Se hoje você está enfrentando o rotativo, o primeiro passo não é se cobrar por ter chegado até aqui — é dar o próximo passo, hoje, por menor que ele pareça. Cada real direcionado para a quitação, em vez de para novas compras, já é um passo real na direção certa. Não existe atalho mágico nem data mágica para começar — existe apenas a decisão de parar de adiar, e ela pode ser tomada hoje mesmo, com o primeiro telefonema para o banco. Comece pequeno, mas comece de verdade. É exatamente esse pequeno movimento, repetido mês após mês, que devolve o controle para as suas mãos.
Vantagens de sair do rotativo o quanto antes
- Corta o vazamento mais caro do orçamento — nenhum outro gasto costuma crescer tão rápido quanto uma dívida a mais de 400% ao ano.
- Libera espaço no orçamento mensal, já que boa parte do pagamento mínimo hoje vai só para juros, não para reduzir o valor devido.
- Melhora o acesso a crédito mais barato no futuro — quem regulariza o nome tende a conseguir taxas menores em empréstimos e financiamentos.
- Reduz o desgaste emocional: dívida no rotativo costuma vir acompanhada de ansiedade e insônia, segundo levantamentos sobre saúde financeira dos brasileiros.
Desvantagens e riscos durante o processo
- Trocar o rotativo por outro crédito só funciona se a nova taxa for realmente menor — um empréstimo mal negociado pode ter juros quase tão altos quanto o rotativo.

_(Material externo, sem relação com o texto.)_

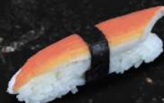
SURIMI 25 DH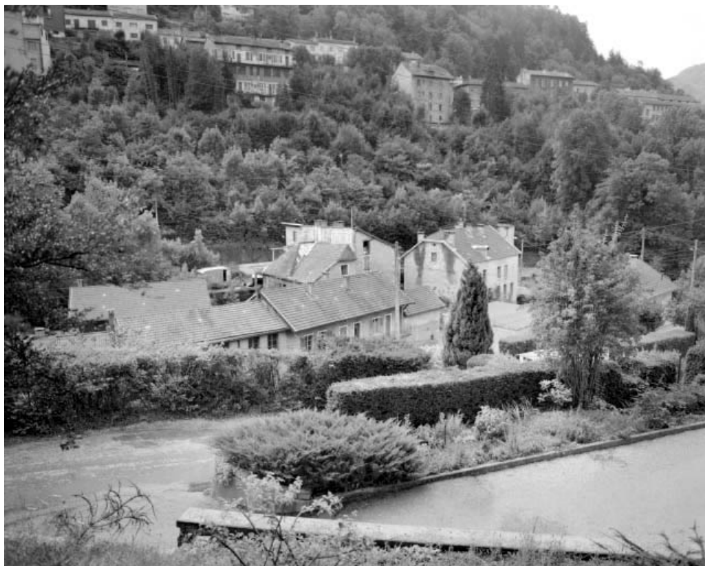
Vue d'ensemble plongeante depuis le nord-ouest.

39, Saint-Claude, 1, 3 rue du Moulin Neuf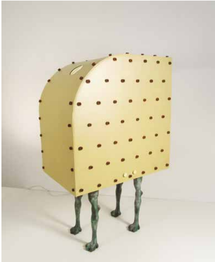
Prueba de fuego I. Mutoscopio. 80 x 40 x 55 cm. 2012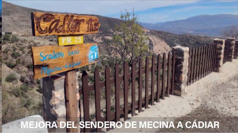
MEJORA DEL SENDERO DE MECINA A CÁDIAR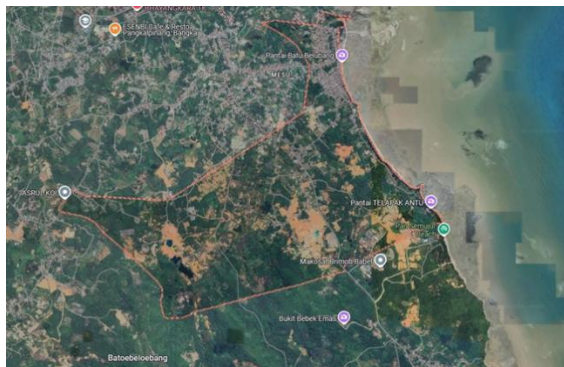
Gambar 1. Lokasi Desa Batu Belubang

Desa Batu Belubang adalah salah satu desa yang berada di Kecamatan Pangkalan Baru, Kabupaten Bangka Tengah, Kepulauan Bangka Belitung. Desa ini berjarak sekitar 11 km dari Pangkal pinang. Batu Belubang merupakan nama sebuah desa yang berasal dari sebuah batu di pinggiran pantai. Batu ini dulunya memiliki lubang yang mirip pintu masuk sebuah gua. Namun kini, batu tersebut mulai tertimbun tanah. Letaknya di pinggir jalan menuju kawasan wisata Pantai Tapak Antu. Batu Belubang resmi menjadi desa definitif pada Mei 2007 lalu. Sebelumnya wilayah ini merupakan bagian dari Desa Benteng dan Desa Tanjung Gunung.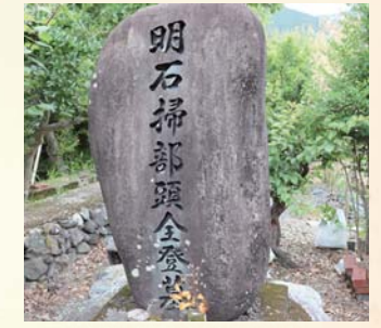
▲明石掃部頭の墓と伝わる碑

五台山の明石氏は、土佐藩仕置役であった小倉少助を頼って来国したと伝えられる。小倉少助は、山田堰にも名前が残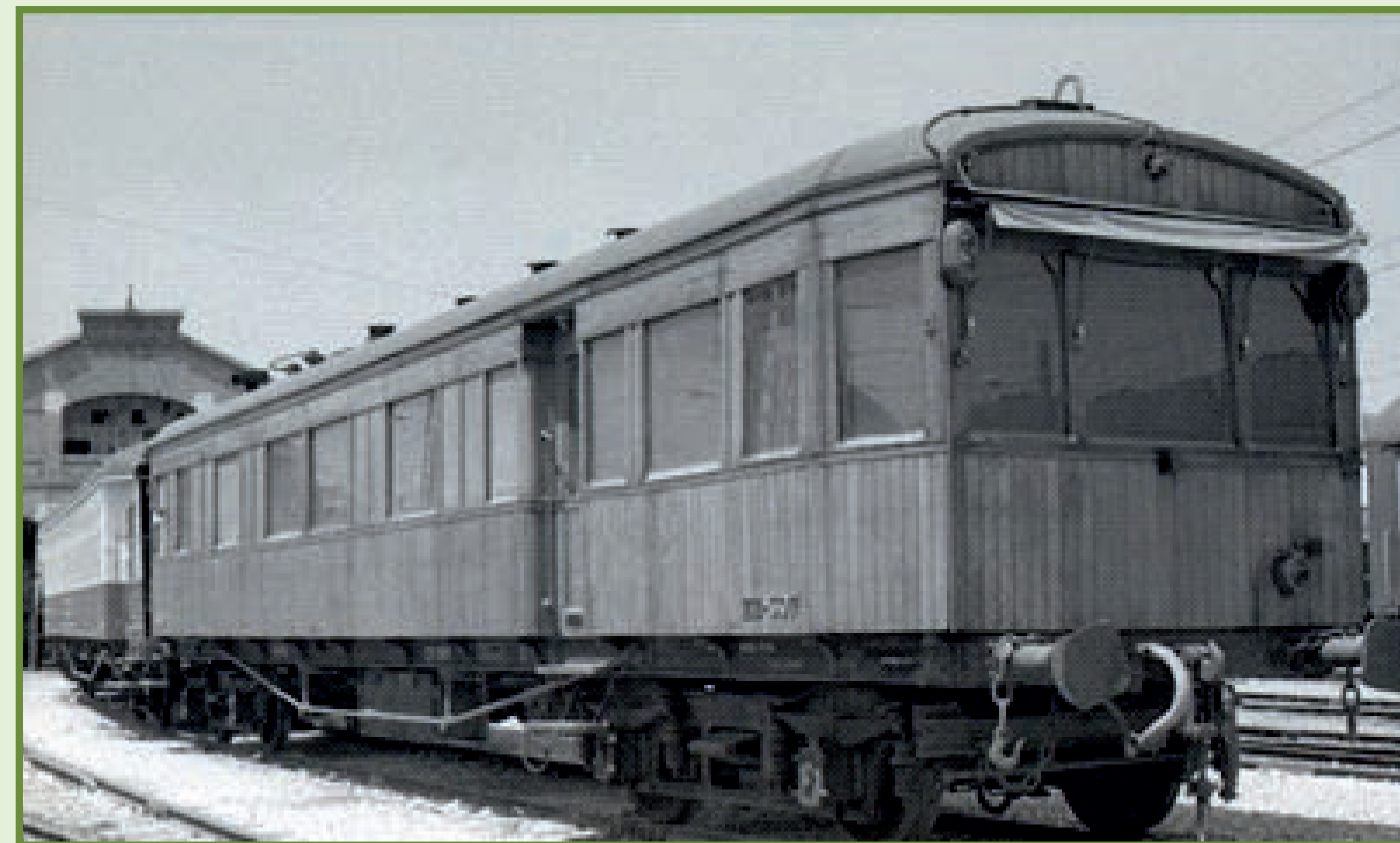
Exhibit IG 170

In 1987, it was removed from RENFE’s rolling stock and taken to the Museum, where it was restored and has been on display since then.

- Negociar direto com o banco costuma render descontos, mas exige atenção: leia o contrato antes de assinar, porque algumas renegociações estendem o prazo e aumentam o valor total pago, mesmo com parcela menor.
- Cancelar o cartão sem planejamento pode reduzir o limite total disponível e impactar negativamente o chamado “score” de crédito no curto prazo.
- Se a causa da dívida foi renda insuficiente para as despesas básicas — não gasto por impulso — sair do rotativo resolve o sintoma, mas o problema de fundo (renda x custo de vida) também precisa ser endereçado.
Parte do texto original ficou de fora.